=== GIVEN INFORMATION ===
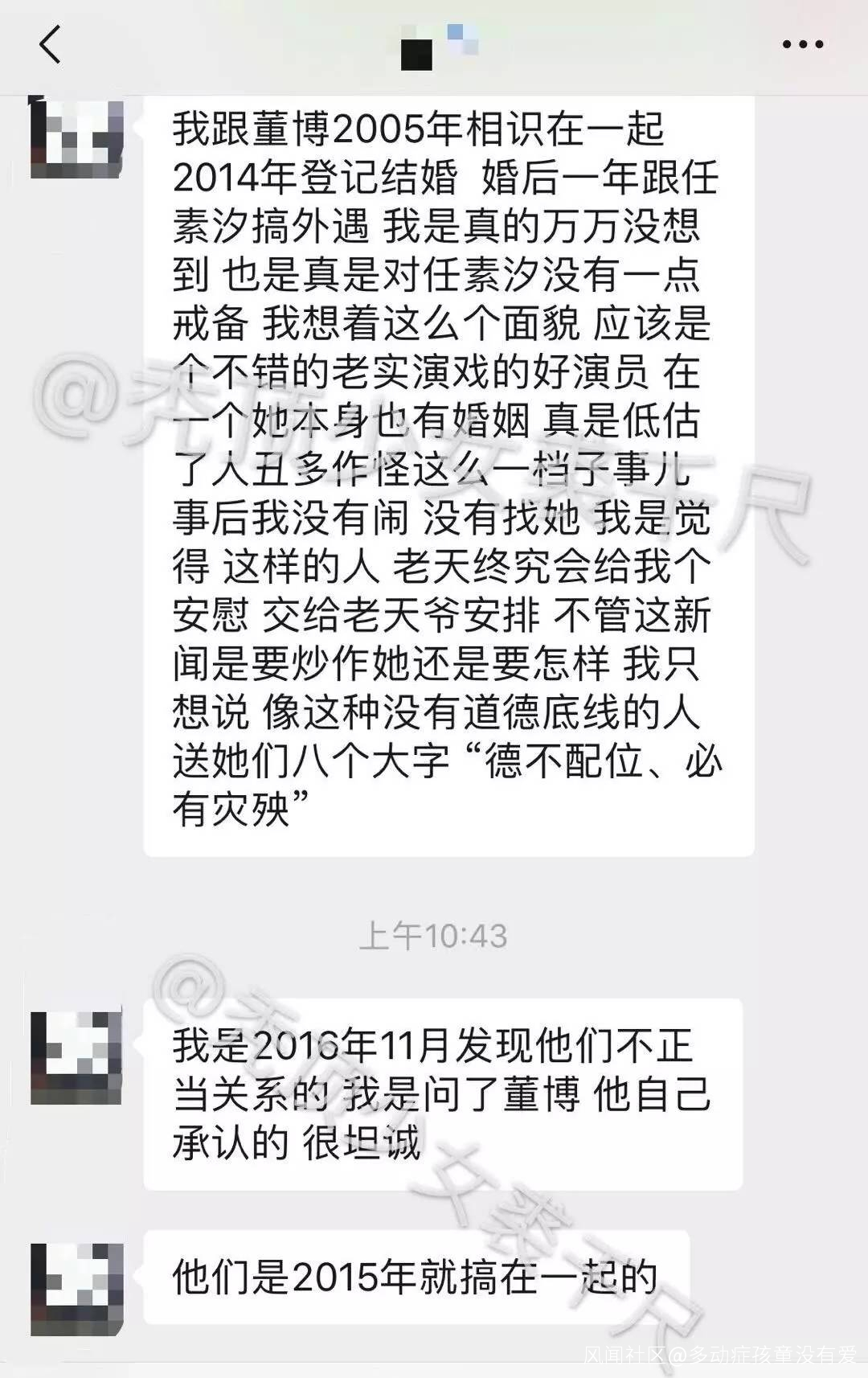 提起董博與任素汐的關係後,前妻的情緒有些激動,足以可見她確實在這段感情中受到了傷害。前妻表示想通過我們向任素汐傳達8個字:德不配位必有災殃。
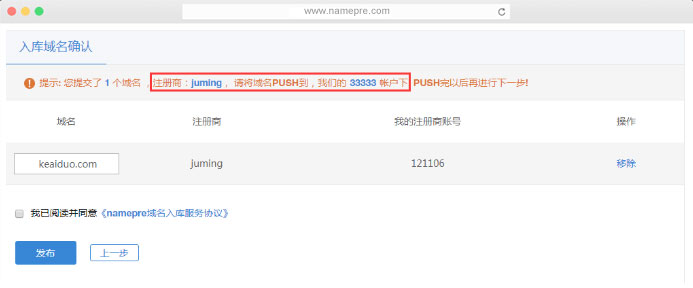 进入“域名管理”下的“域名入库”,提交所需入库名
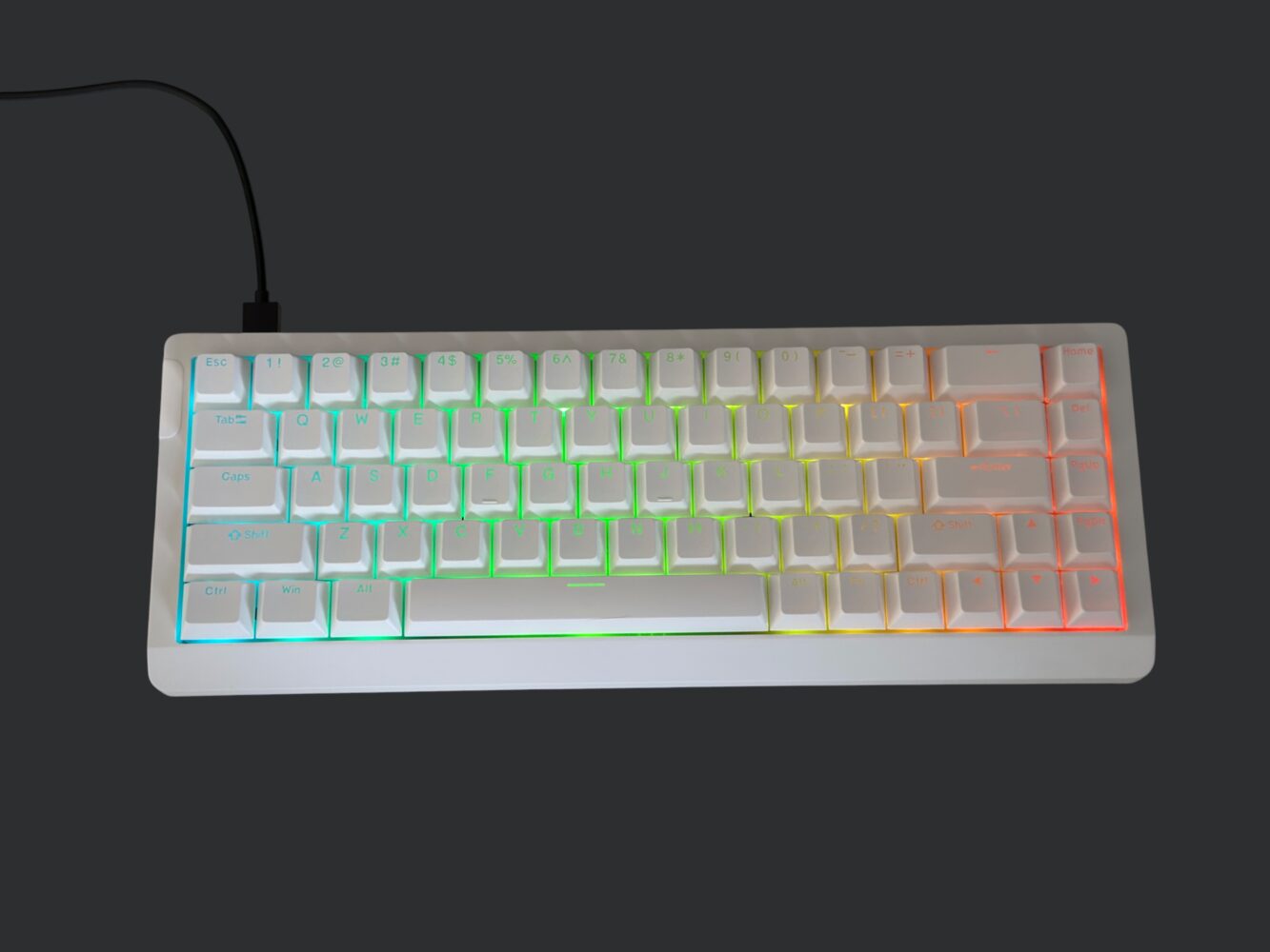 The legends are clean and readable. The south-facing A-RGB per-key lighting diffuses evenly. There’s a bit of light bleed on lighter colorways, but the legends glow clearly without weird inconsistencies.
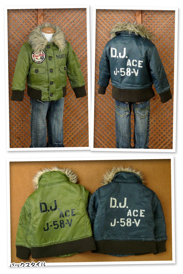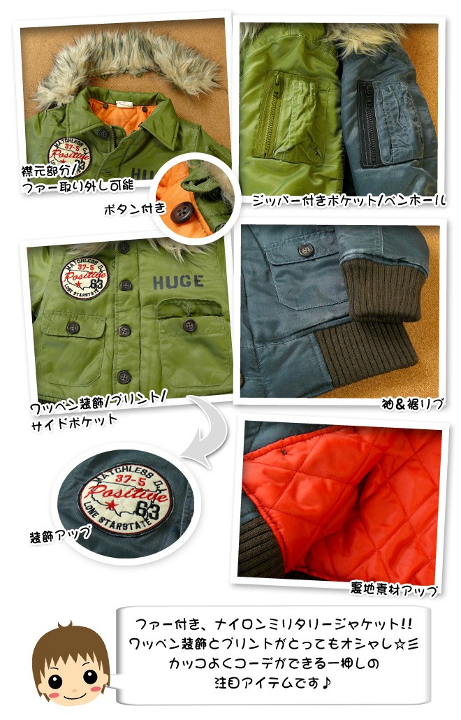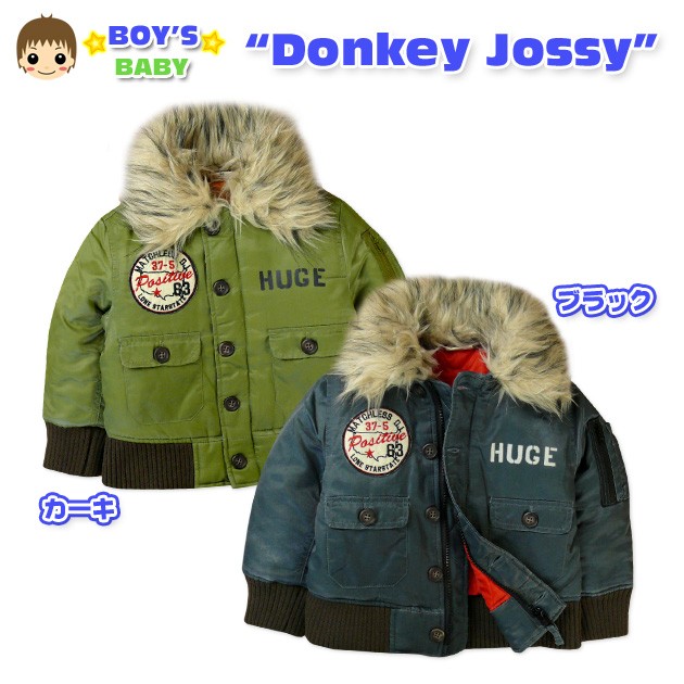 送料無料 男児ベビー ジャケット Donkey Jossy/ドンキージョシー ワッペン装飾&ファー付き ナイロンミリタリージャケット90cm 95cm

=== AIM OF THE TASK ===
Restate the listing above word for word, and skip the pictures.

=== OUTPUT ===
 提起董博與任素汐的關係後,前妻的情緒有些激動,足以可見她確實在這段感情中受到了傷害。前妻表示想通過我們向任素汐傳達8個字:德不配位必有災殃。
 进入“域名管理”下的“域名入库”,提交所需入库名
 The legends are clean and readable. The south-facing A-RGB per-key lighting diffuses evenly. There’s a bit of light bleed on lighter colorways, but the legends glow clearly without weird inconsistencies.
 送料無料 男児ベビー ジャケット Donkey Jossy/ドンキージョシー ワッペン装飾&ファー付き ナイロンミリタリージャケット90cm 95cm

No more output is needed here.